Helical phase-dependence between the CBSs and the −35 supports a model where ChiS directly recruits RNAP. Transcriptional activators that recruit RNAP often interact with the α-subunit, and so we hypothesized that ChiS may directly interact with RpoA. To test this, we assessed direct binding between purified ChiScytoplasmic and RpoA in vitro using a protein pulldown assay. In pulldown reactions where RpoA was the prey, RpoA only came out in the elution when ChiScytoplasmic was used as the bait, suggesting that ChiS and the α-subunit interact (Fig. 4). Reciprocal pulldowns using RpoA as the bait further confirmed this interaction (SI Appendix, Fig. S15). Despite interacting with RpoA in vitro, ChiScytoplasmic does not activate gene expression in vivo (SI Appendix, Fig. S14 B and C). One possibility for this observation is that the interaction between full length ChiS and RpoA in vivo is much stronger than the interaction observed in vitro with ChiScytoplasmic. This could be because the cytoplasmic fragment of ChiS is not as rigidly locked in the active form compared to full-length membrane-bound ChiS. Alternatively, it is possible that the interaction between ChiScytoplasmic and RpoA in vivo are in the wrong conformation to support transcriptional activation while full-length ChiS may bind RpoA in the correct conformation to allow for transcriptional activation. Regardless, these results suggest that ChiS can directly bind to RNAP.
Discussion
TCSs represent a diverse family of proteins that allow bacteria to sense and respond to their environment. Here, we describe a protein that, based on homology, falls into the two-component family, but uses a mechanism that is contrary to the canon for these systems. ChiS is noncanonical in two ways (Fig. 5). First, phosphorylation of the Rec domain diminishes its DNA-binding activity while dephosphorylation enhances it. To our knowledge, this example of such regulation among TCS family proteins is unique. Second, ChiS is able to bind Pchb from the membrane to regulate gene expression. This result was particularly surprising because ChiS lacks a canonical DNA-binding domain.
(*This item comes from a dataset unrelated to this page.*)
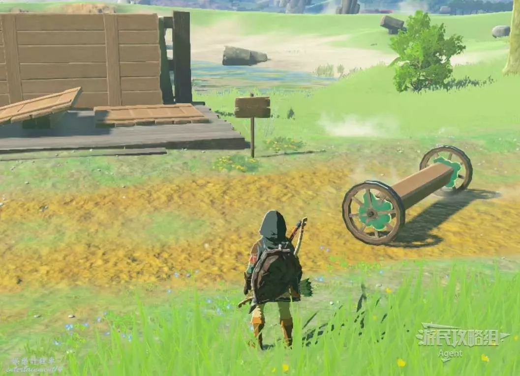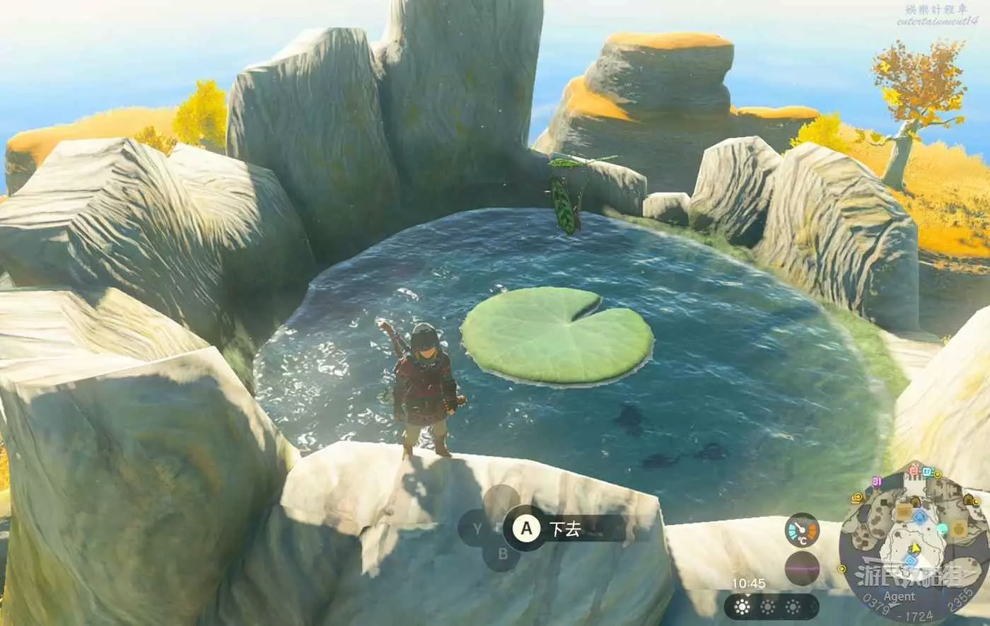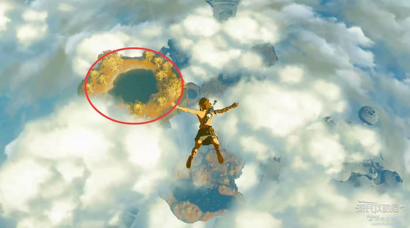 往下跳,離開初始空島來到地面,落入中央海拉魯的無底池塘。從池塘往監視堡壘方向走。

It is tempting to speculate that the ChiS C terminus represents a novel class of DNA-binding domain. Homology searches (BLAST) revealed that this DNA-binding domain is exclusively found at the C terminus of other proteins (SI Appendix, Fig. S16), which often contain an N-terminal sensing domain (i.e., HK/Rec or PAS) (6, 26, 27). This analysis also revealed that this domain is largely restricted to gamma- and deltaproteobacteria, with a few examples among alphaproteobacteria. This suggests that this DNA-binding domain may not be unique to V. cholerae ChiS, but may be a conserved output domain for diverse signal-transduction proteins in proteobacteria.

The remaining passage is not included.